奪ったのは俺だ。奪われたくないと、隼人を手に入れるにはこれしかないのだと首を絞めて隼人を殺したのは俺だ。これは正しかった。こうしなければならなかった。
それなのに、何故。
「はやと……はやと……」
俺はこんなにも泣いているんだろう。こんな喪失感を感じているんだろう。
ただ、名前を呼んでぼろぼろと涙を零す。息が苦しい。
なんで、なんで。どうしてこうなっちゃったんだ。隼人、隼人。俺は、ただお前を失いたくなかっただけなのに。傍にいて、笑っていて欲しかっただけなのに。どうして。
掌にはまだ隼人の首を絞めた感覚が生々しく残っている。隼人の名残が、まだそこに息づいている。きっとこの感覚を俺は一生忘れる事はないんだろう。

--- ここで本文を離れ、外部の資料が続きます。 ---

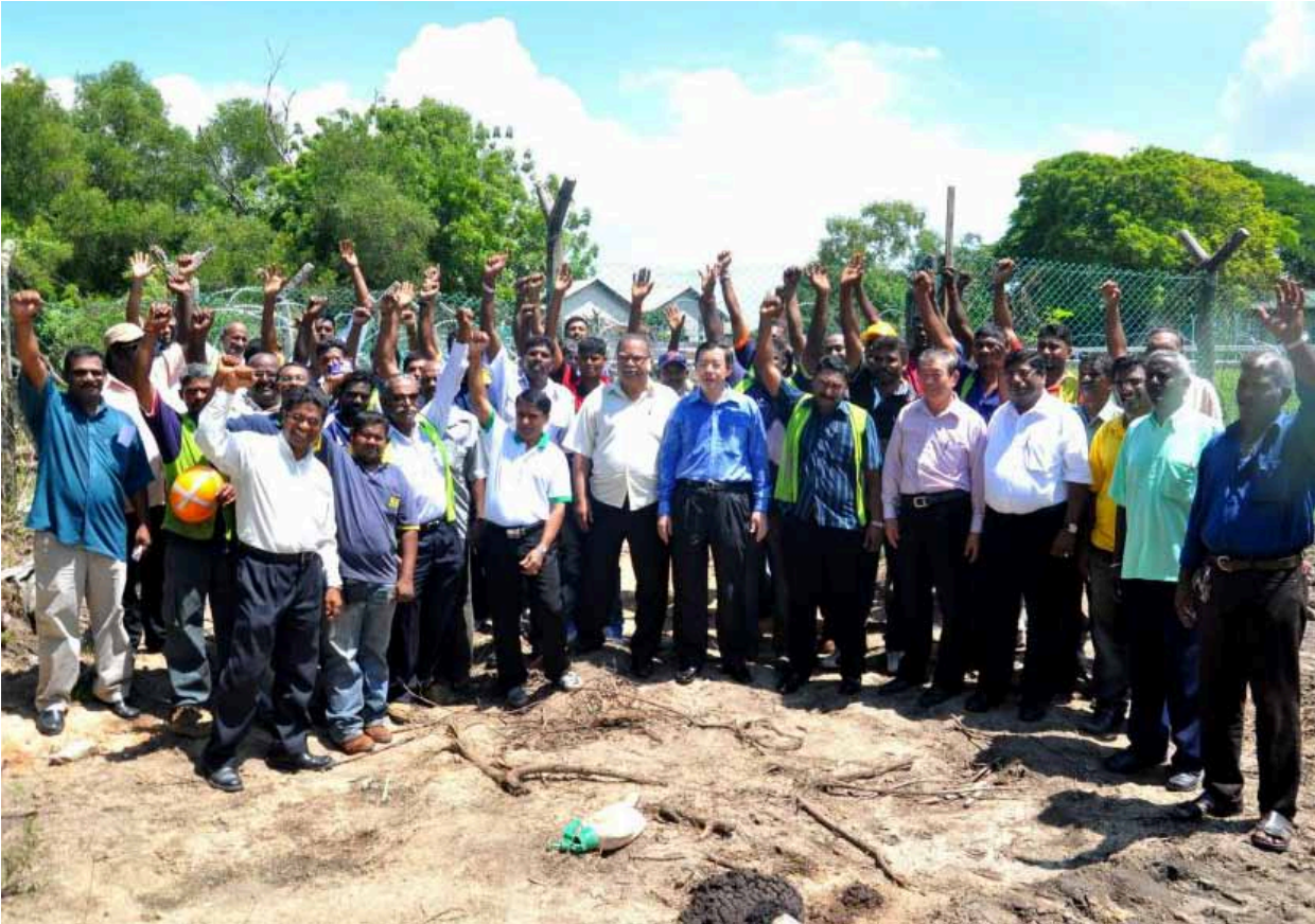
ஆலய உடைப்பால் மனங்கொதித்து போயிருக்கும் இந்தியர்களில் ஒரு பகுதியினர்.

40 ஆண்டுகள் பழமை வாய்ந்த இந்தச் சிறிய வழிபாட்டு தளத்தில் இப்பகுதியில் கடலில் வேலைக்குச் செல்லும் இந்திய மக்கள் வழிபட்டு வந்தனர். கடலுக்குச் செல்வோர் வீடு திருப்பிட நாட்கள் ஆகும். அவர்கள் பாதுகாப்பு வேண்டி இங்கு வழிபட்டு செல்வது வழக்கம். பிளாங்கு துறைமுக அதிகாரிகளின் காரணங்களை

俺は感覚の刻みつけられたその手で隼人の冷たくなってしまった手をそっと握りしめた。
「隼人、これでもうお前は誰にも奪われないよ」
答えが返ってこないのは分かっていて、俺は眠る隼人の首筋へと指を這わす。俺の手の形に赤くなった痕が白い首筋に映えていてとても綺麗だった。
その痕に引き寄せられるように俺は隼人の首筋に顔を寄せ、そっと口付けを落とす。
その瞬間に、俺は気が付いたのだ。隼人へ向ける自らの感情に。気が付いてしまった。気が付いたところで自分を傷つけるだけだったのに。
あまりの滑稽さに俺は泣き笑いながら、隼人の手を抱きしめた。